Fed holds rates steady as it awaits clarity on tariffs

The Federal Open Market Committee (FOMC) concluded its March meeting this week, maintaining its target range for the federal funds rate for the second consecutive meeting at 4.25%–4.5%, as expected. The Fed is taking a more patient approach toward easing monetary policy amid slowing economic growth and policy uncertainty.

The FOMC also updated its economic projections, with the fed funds rate’s “dot plot” still showing two cuts each for 2025 and 2026. The outlook for economic growth for this year was lowered to 1.7%, down from 2.1% in December. The FOMC raised its inflation expectations, with the Fed’s preferred measure of inflation, Personal Consumption Expenditure (PCE), at 2.7% for 2025, up from 2.5% previously.1 These projections show that the Fed expects tariffs to slow economic growth and trigger a one-time adjustment in prices that leads to a short-term rise in inflation.

The Fed also announced it will slow its balance sheet reduction program, known as quantitative tightening (QT). Starting in April, holdings of U.S. Treasury securities will be reduced by $5 billion per month, down from $25 billion currently. Holdings of U.S. government agency debt and mortgage-backed securities will continue to decline by up to $35 billion monthly.1

Slowing quantitative tightening can help ease monetary policy, as the Fed will be able to participate in U.S. Treasury bond auctions more actively to replace maturing bonds. This additional demand should support bond prices, potentially helping to contain bond yields to the upside.

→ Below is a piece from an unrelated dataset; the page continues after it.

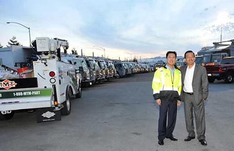 David Duong (Tổng Giám đốc) và Victor Duong (Phó Tổng Giám đốc) của CWS chụp ảnh trước đoàn xe mới chạy bằng khí tự nhiên CNG.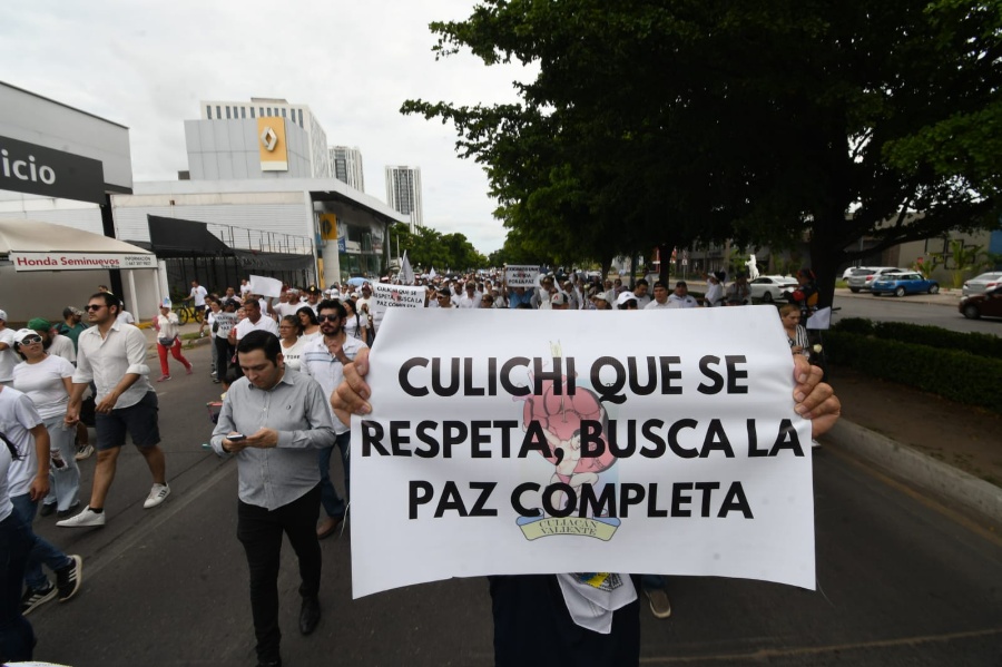 Varios asistentes durante el trayecto de la plaza Cuatro Ríos hasta la Isla de Oraba corearon “culichi que se respeta quiere la paz completa”, entre otras consignas alusivas a la paz.

With the fed funds rate near 4.35% and PCE inflation at 2.5%, monetary policy becomes tighter as inflation moderates because a neutral rate is generally around 1% above the rate of inflation. We expect the Fed to remain on hold for a while longer as it awaits additional clarity on the implementation and potential impact of tariffs. The administration has indicated it intends to announce more details on tariffs in early April, which should help reduce uncertainty.

Overall, we continue to believe the Fed remains on its easing path, though the pace has slowed, with the fed funds rate likely settling in the 3.5%–4.0% range this year. Lower interest rates should reduce borrowing costs for individuals and businesses, which is supportive of the economy and corporate earnings.

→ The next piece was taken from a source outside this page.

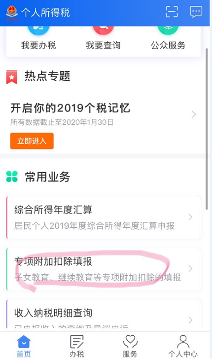下载国家税务总局发布的个人所得税App并注册 91牛,已注册的直接登录,如需完善专项附加扣除信息,点击首页的专项附加扣除填报,扣除年度选择2019年并根据实际情况填写所涉及的专项附加扣除信息,根据步骤提示依次填写并提交申报,若已填报无需完善的,在首页的专项附加扣除信息查询中查看自己所填信息是否准确。

 This chart shows the path of the fed funds rate, PCE inflation and the Fed's inflation target since 2022 and Fed projections through 2027.
Source: U.S. Federal Reserve, U.S. Bureau of Economic Analysis.

Diversification supports portfolios as U.S. stocks have pulled back

U.S. stocks were up slightly this week, recovering from correction territory, but remain down year to date. Market leadership has rotated toward bonds and international stocks, providing support for diversified portfolios.

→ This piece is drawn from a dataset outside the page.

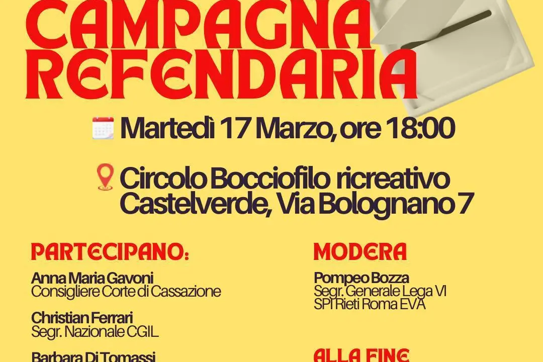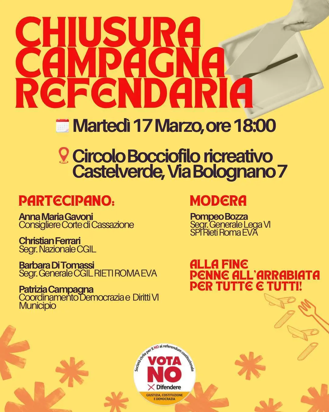 Il segretario confederale della Cgil Christian Ferrari interverrà all’iniziativa per la chiusura della campagna referendaria per il NO al referendum costituzionale sulla giustizia del 22 e 23 marzo. Appuntamento martedì 17 marzo a Castelverde presso il Circolo Bocciofilo ricreativo in via Bolognano n.7, ore 18.00.

International stocks have generated the strongest returns among the major asset classes so far this year, led by developed-market large-cap stocks. Europe is benefiting from a multiyear plan to raise defense and infrastructure spending that could help spur growth, which has been stagnant in recent years. The potential for a Russia–Ukraine ceasefire has also improved sentiment.

Chinese stocks have risen on expectations for additional fiscal and monetary stimulus as the government seeks to boost consumption and head off deflation concerns. The pullback in the U.S. dollar from its January peak has also added to investment returns in major international currencies.

U.S. bond yields have declined in recent months due to expectations for more Fed interest rate cuts and slower economic growth. Lower yields mean higher bond prices, which are driving solid returns. U.S. investment-grade bonds — the foundation of the fixed-income portion of portfolios — have delivered among the strongest returns within fixed income. Emerging-market debt has been the top fixed-income performer, extending last year’s strong returns and demonstrating the value of allocations beyond U.S. bonds.

 This chart shows year-to-date investment returns for the major equity and fixed-income asset classes
Source: Morningstar.

Economy is cooling from its above-trend pace, but the labor market remains healthy, and a manufacturing recovery is underway

The Conference Board’s Leading Economic Index (LEI) — which provides an early indication of significant turning points in the business cycle as well as where the economy is heading in the near term — continued its downward trend, falling 0.3% to 101.1 in February. Weaker consumer expectations for business conditions and lower manufacturing new orders were the largest drivers of the decline, while higher weekly hours worked for manufacturing were the main positive contributor.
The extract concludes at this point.